The mean Alvarado score was 6.87±1.75. The mean values for total bilirubin, CRP, WBC, Hb, lymphocyte count, PLT count, RDW, and neutrophil count were 0.83±1.06, 57.06±74.43, 13.70±4.79, 13.89±2.00, 1.91±0.88, 260.05±71.47, 13.29±1.67, and 10.67±4.55, respectively. The mean appendiceal diameter detected radiologically was 10.02±2.93 mm, and periappendiceal fat stranding was observed in 362 (91.6%) patients. Histopathological examination revealed inflammatory changes consistent with acute appendicitis in 341 (86.3%) patients, while 54 (13.7%) had normal appendiceal tissue and were classified as the negative appendectomy group.
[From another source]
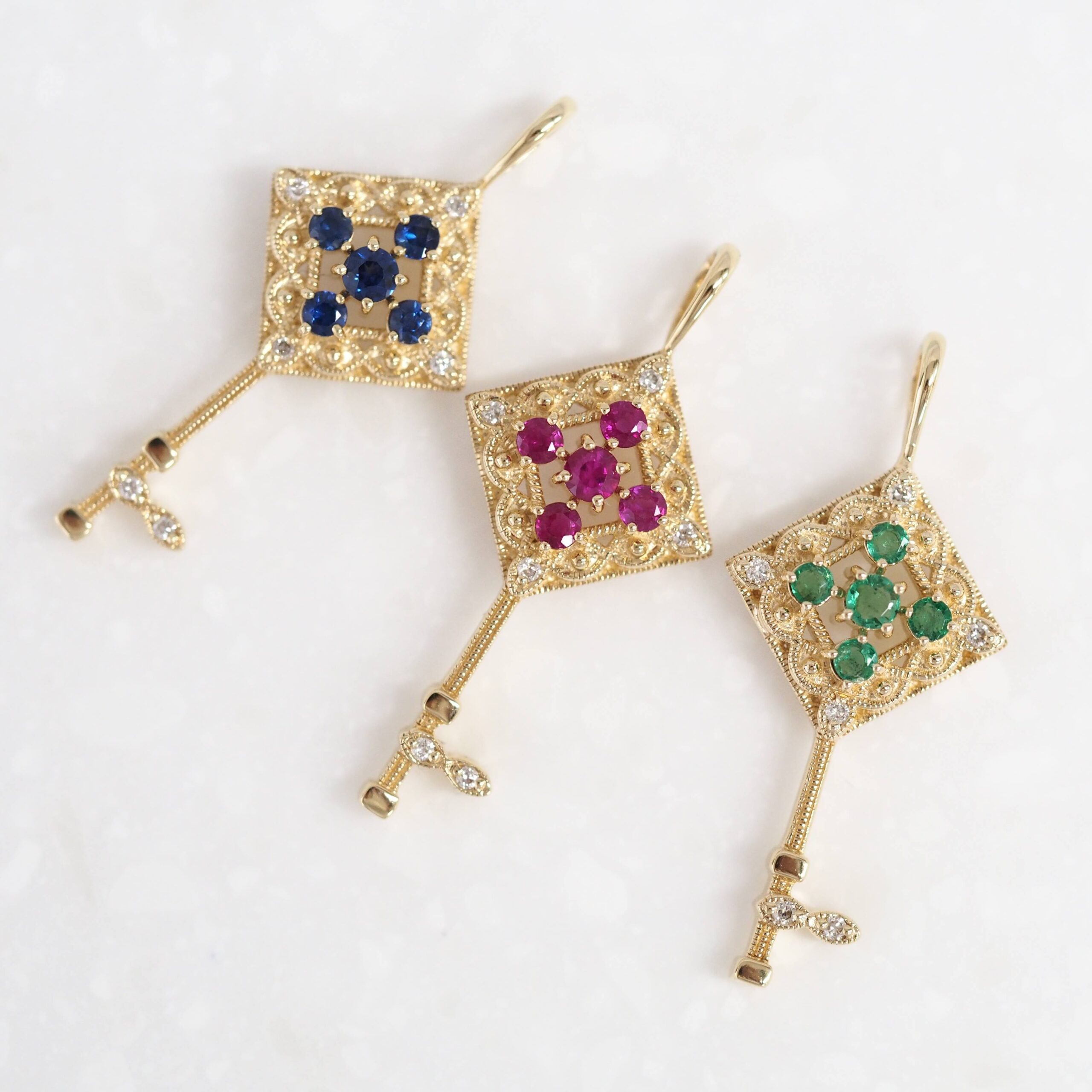 ~ 這個系列是為了將古董珠寶所散發出的「正統美感」和「高雅品味」在現代重生而不斷追求的成果,忠實地再現了維多利亞時代細膩而精巧的裝飾技巧和設計。 ~★細緻、閃閃生輝又可愛的鑰匙吊墜。蕾絲般的設計加上密釘裝飾,完成了如古董般的精緻外觀。彷彿施了魔法般,每一把細節精心打造的鑰匙都展現出極致講究。「慈愛」「忠貞」「德望」象徵著藍寶石,而比任何物質都堅硬美麗的鑽石,這件作品豪華地使用了世界四大寶石中備受喜愛的兩種寶石。

The demographic characteristics of the study population are presented in Table 1.
Table 1.
Demographic characteristics of the study population (n=395)
| Sex, n (%) | |
| Male | 209 (52.9) |
| Female | 186 (47.1) |
| Age, years | |
| Mean±SD | 37.27±15.65 |
| Symptom duration, n (%) | |
| <24 hours | 183 (46.3) |
| 24-48 hours | 128 (32.4) |
| ≥48 hours | 84 (21.3) |
| Migration of pain to the right lower quadrant, n (%) | |
| Present | 312 (79.0) |
| Absent | 83 (21.0) |
| Anorexia, n (%) | |
| Present | 234 (59.2) |
| Absent | 161 (40.8) |
| Nausea/vomiting, n (%) | |
| Present | 214 (54.2) |
| Absent | 181 (45.8) |
| Right lower quadrant tenderness, n (%) | |
| Present | 382 (96.7) |
| Absent | 13 (3.3) |
| Rebound, n (%) | |
| Present | 261 (66.1) |
| Absent | 134 (33.9) |
| Fever (≥37.3°C), n (%) | |
| Present | 22 (5.6) |
| Absent | 373 (94.4) |
| Left shift (>75% neutrophils), n (%) | |
| Present | 333 (84.3) |
| Absent | 62 (15.7) |
| Alvarado score | |
| Mean±SD | 6.87±1.75 |
| Total bilirubin, mg/dL | |
| Mean±SD | 0.83±1.06 |
| CRP, mg/dL | |
| Mean±SD | 57.06±74.43 |
| WBC, 103/μ1 | |
| Mean±SD | 13.70±4.79 |
| Hb, g/dL | |
| Mean±SD | 13.89±2.00 |
| Lymphocyte count, 103/μl | |
| Mean±SD | 1.91±0.88 |
| PLT count, 103/μl | |
| Mean±SD | 260.05±71.47 |
| RDW | |
| Mean±SD | 13.29±1.67 |
| Neutrophil count, 103/μl | |
| Mean±SD | 10.67±4.55 |
| Neutrophil, % | |
| Mean±SD | 76.96±18.41 |
| PNR | |
| Mean±SD | 30.06±19.06 |
| NLR | |
| Mean±SD | 7.32±5.88 |
| WNR | |
| Mean±SD | 1.37±0.40 |
| Appendiceal diameter, mm | |
| Mean±SD | 10.02±2.93 |
| Periappendiceal fat stranding, n (%) | |
| Present | 362 (91.6) |
| Absent | 33 (8.4) |
| Histopathological diagnosis, n (%) | |
| Negative appendectomy | 54 (13.7) |
| Acute appendicitis | 341 (86.3) |
CRP: C-reactive protein; WBC: White blood cell count; PLT: Platelet count; RDW: Red blood cell distribution width; PNR: Platelet-to-neutrophil ratio; NLR: Neutrophil-to-lymphocyte ratio; WNR: White cell nucleated ratio.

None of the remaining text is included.